Water (for soaking - 4 cups):

  • No significant nutritional value as it is primarily used for soaking and discarded.

Benefits: Hydration is crucial for bodily functions, including digestion and nutrient absorption. Soaking almonds in water helps soften them, making it easier to blend and extract their nutritional content.

Water (for blending - 4 cups):

  • No significant nutritional value as it is primarily used for blending.

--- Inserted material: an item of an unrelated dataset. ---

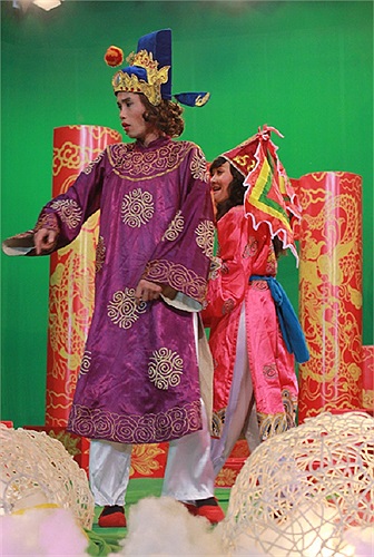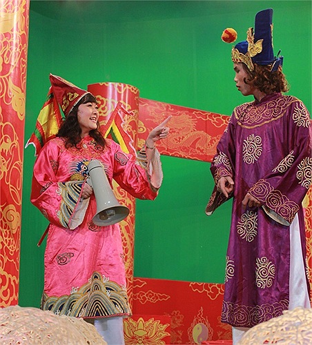 (VTC News) - Danh hài Hiệp Gà tái xuất làm Bắc Đẩu bên cạnh Táo Văn hóa Vân Dung trên sân khấu Táo quân 2012 phiên bản VTC. (ảnh: Dương Triều).

Benefits: Water is essential for life and helps create a smooth and creamy consistency when blending almonds. It aids in extracting the flavors and nutrients from the almonds, contributing to the overall texture of the drink.

Sugar (1 cup):

  • Calories: 774
  • Carbohydrates: 200 g
  • Sugars: 200 g

Benefits: While sugar provides energy, it should be consumed in moderation. In this recipe, sugar adds sweetness, enhancing the flavor of the almond drink. Be mindful of portion sizes to maintain a balanced diet.

Vanilla Extract (1 teaspoon):

  • Calories: 12
  • Carbohydrates: 0.6 g

Benefits: Vanilla extract contributes a delightful aroma and flavor to the almond drink. It enhances the overall taste experience without adding significant calories. Additionally, some studies suggest that the scent of vanilla may have a calming effect.

Ground Cinnamon for Garnish (1 teaspoon):

  • Calories: 6
  • Carbohydrates: 2 g
  • Fiber: 1.4 g

Benefits: Cinnamon is rich in antioxidants and has anti-inflammatory properties. It adds a warm and aromatic flavor to the drink. Some studies also suggest that cinnamon may help regulate blood sugar levels and improve overall heart health.

It's important to note that these values are approximate and can vary based on the specific brands or types of ingredients used. Additionally, the nutritional values for water used in soaking and blending are negligible as they are primarily for preparation purposes and are not consumed in the final dish. If you have specific dietary requirements or are aiming for precise nutritional information, it's advisable to consult with a nutritionist or use more detailed nutritional databases.